The game play itself does a great job sticking to the original. If you played the original, you will not need to learn much in terms of controls. The list of weapons in this game has increased. I did find that some weapons were completely useless until you spent power nodes to power them up. One change that was made is the objective locater. Players can not cycle throw what they want to locate. Finding the closest store, bench, and/or save station is as just as easy as staying on track toward the main story objective. Another is how Stasis and Kinesis are handled. Now, players have unlimited Kinesis. Stasis has a meter and refills on its own, but an extremely slow pace even after upgrades. Players can use stasis stations or loot/buy stasis packs to refill it. You will have to use Kinesis a lot more in this game than in the original. Necromorphs attack players in packs and players will have to conserve ammo, especially on normal or higher difficulties. Speaking of necromorphs, players can expect to see enemies spawn behind them a lot. Luckily, the sound in this game is fantastic and aids in this. Even so, there will be times where players will die simply because an enemy spawned behind them and they were too busy fighting all the enemies in front of them. This is very true during the second half of the game. Expect necromorphs to take a lot of ammo to put down even with accurate limb shots. Some of the combinations and numbers of necromorphs sent at you are unfair, but this isn’t something new to the series. Dead Space 2 is a challenging game but it’s not as challenging as the original. You will find more resources this time around. There are just segments towards the end of the game where things begin to get slim. There is one thing that really angered me about this game. Towards the end of the game, you encounter an unbeatable foe. All players can do is run. Here is the thing, you have to solve puzzles and partake in combat with hordes of other foes that are in their strongest form as well while running from this unbeatable foe. It prevents players from having the time to pick up dropped items. It removed the player’s ability to go off track and find needed resources or treasures. It just didn’t make sense to me in terms of the plot of the game and series as a whole. Also, players never get to resolve things with this foe.

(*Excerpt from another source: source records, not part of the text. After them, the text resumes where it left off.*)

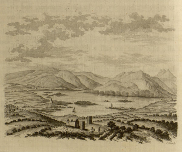 [3] I have included the several ranges of mountains which form the shores of this lake, under the name of the most considerable, to avoid multiplying uncouth terms. What I have called Ghirmeen is known by the several denominations of Doogery, Ghirmeen, and Derry-Carnagh: On the opposite side, besides Cahirnee, are Derry-Lishigane, Galloveely, and Derry-Arde: and to the East, under Crom-a-glaun are included, Bolinendra, Derry-Dimna, and Derry-Cannihy.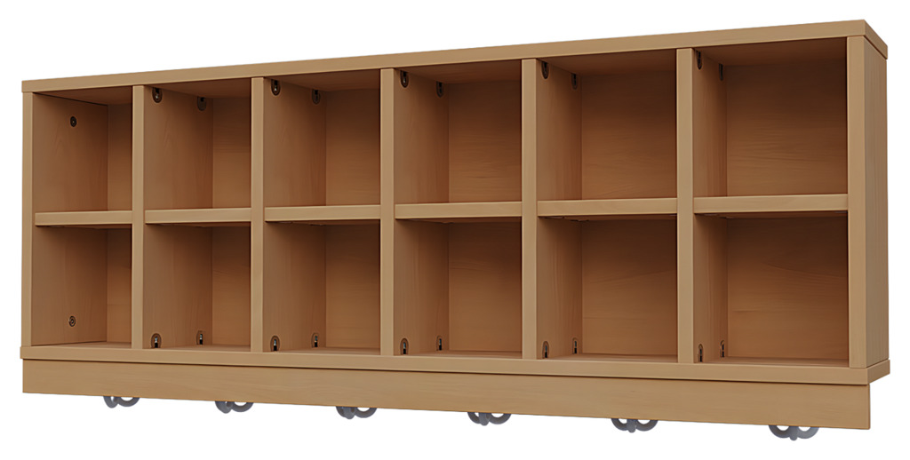 - Die einzelnen Fächer sind waagerecht unterteilt, sodass für jeden Platz ein Doppelfach zur Verfügung steht. Zu jedem Doppelfach gehört ein Dreifachhaken.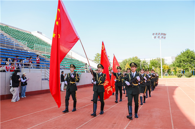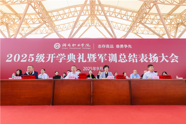 青春怀壮志,金秋启新程。9月24日,济南职业学院2025级开学典礼暨军训总结表扬大会在彩石校区西操场举行。学院党委书记苏旭勇,院长尹元华,纪委书记熊爱军,副院长吕如浩,相关职能部门负责人、各系部主任、党总支书记、学办主任、团总支书记、新生辅导员、承训教官以及2025级全体新生参加典礼。典礼由吕如浩主持。

Dead Space 2 is a great game. It would seem that people out there giving this game ‘hype’ were right, then again even a broken clock is right twice a day. Visceral Games took a mixed approach to handling their sequel. They didn’t stray far from the game play gamers enjoyed in the original. They added multiplayer. The few changes made to the game play were minuscule and I actually don’t have any complaints about them. They literally took what made Dead Space great and applied it to a new, varying environment. This new environment just happened to be what was needed to lure in new gamers. Perhaps the original Dead Space was too scary to be as popular as Dead Space 2 now is. Isaac Clark in the original Dead Space was a quiet hero. This is due mainly to the lack of people for him to talk to and the fact that he is still taking in the horrors and circumstances he has been thrust into. In Dead Space 2, Isaac is way more vocal. Ironically, he is losing his sanity and does most of his speaking to himself.
Even though the story for the contagion and the marker got completely mixed up (this is due, in part, to the film Dead Space: Aftermath that takes place right before Dead Space 2 and after the last game), I am curious to see where the story is going. Be sure to pay attention after the credits as you will find out some interesting information in terms of the story. At the time of this review, the first DLC has been released and follows another person fighting the necromorphs. Gamers who played Dead Space: Extraction will recognize this hero. From the looks of the trailer, his fight is no easier than Isaac’s. In fact, he has full knowledge of Isaac’s efforts. This actually made me wonder, could Dead Space 3 have a co-op campaign? They have the characters for it. In terms of the story, it would actually make more sense. They could have a solo and co-op campaign that feature different experiences. With what the Dead Space series has shown me so far from all three of its games, I wouldn’t be shocked if it came to pass. Here is to hoping.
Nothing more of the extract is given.